After the effluent which carries all the chemical components of trees not turned into pulp or burnt for energy along with remnant chemical additives arrives it spends 12-16 hours in a pond where particulate floats to the top or settles to the bottom. Once a year the pond is emptied and the bottom dredged of settled chemicals that are taken back to Northern Pulp and landfilled.

After its time in the settling pond, the water flows into another large pond that has dozens of big electric motors churning the water to hyper-oxygenate it.

Ultimately, Pidgeon’s job is to keep the bacteria in this pond happy so they eat all the organic residue flowing into it.
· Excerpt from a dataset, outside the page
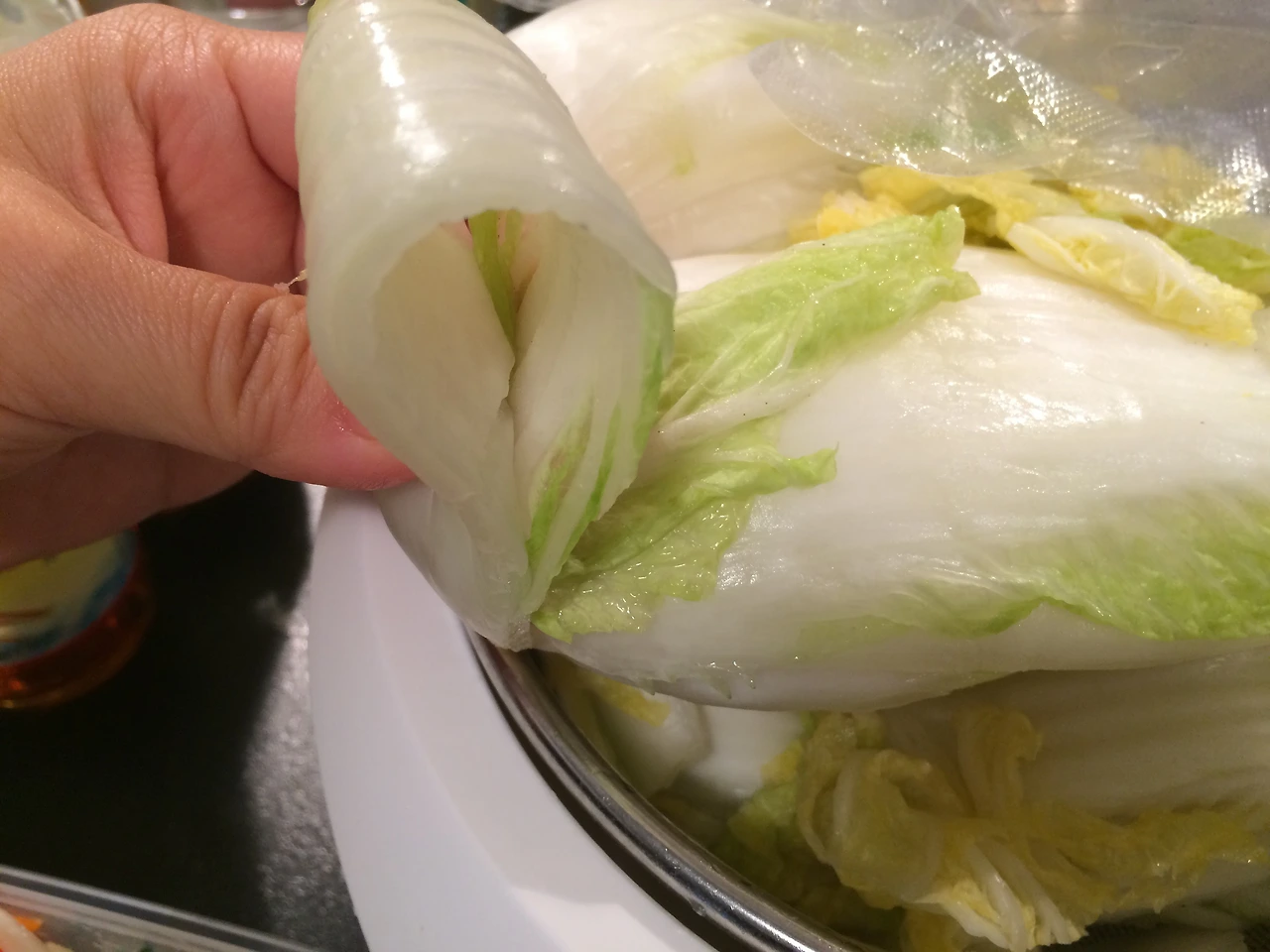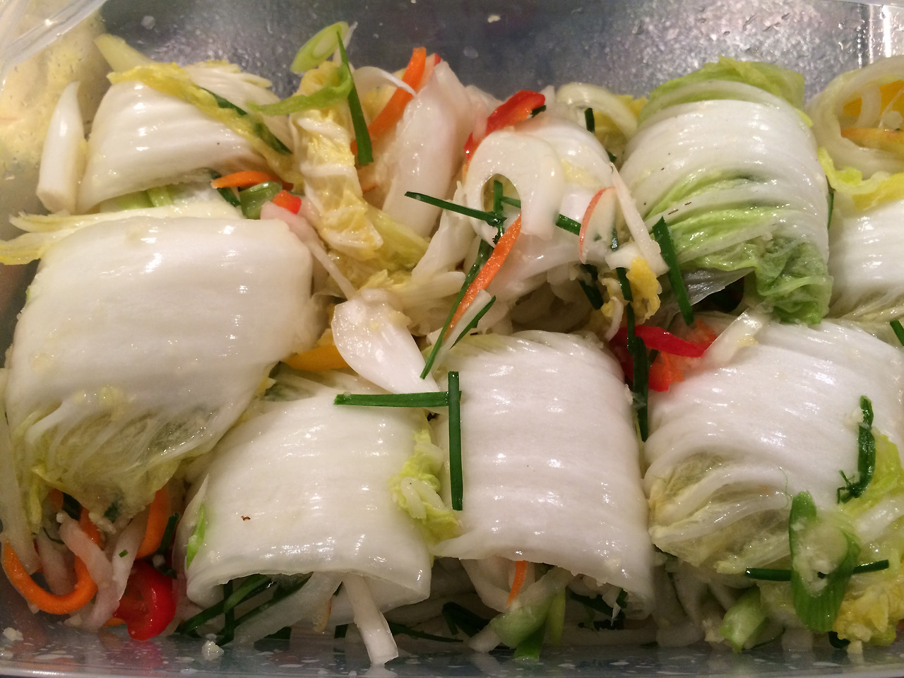 배추 머리가 붙은 포기는 김장과 같은 방법을 이용하고 배추 머리가 없는 입들은 소를 넣어 돌돌 말아준다.

He manages the oxygen concentration, nutrients and the pH level of the effluent coming through the pipe.

Through his microscope he watches little organisms, daphnia, philidina, amoebas and ciliates that prey on the bacteria that are too small for him to see.

“On a slow day you might see some little ones come along,” said Pidgeon.

“Ideally you like to see the bulk of your (bacterial) activity up front and want to see the bacteria eat bacteria, die and settle to the bottom by the end of the pond.”

Pidgeon maintains that what flows out of his facility into the larger Boat Harbour lagoon and thence through a dam into the Northumberland Strait is clean and passes Department of Environment testing.

But the mill, under different operators, dumped untreated effluent here for five years before the province built Boat Harbour in 1972. And there was Canso Chemicals, which also used the facility for about a decade and rumours persist of mercury leak from it during the 1980s.

“That was before my time and I can’t speak to it,” said Pidgeon.

“But I’ve got the key to the gate and I know what has come in during my time here. This is a good facility.”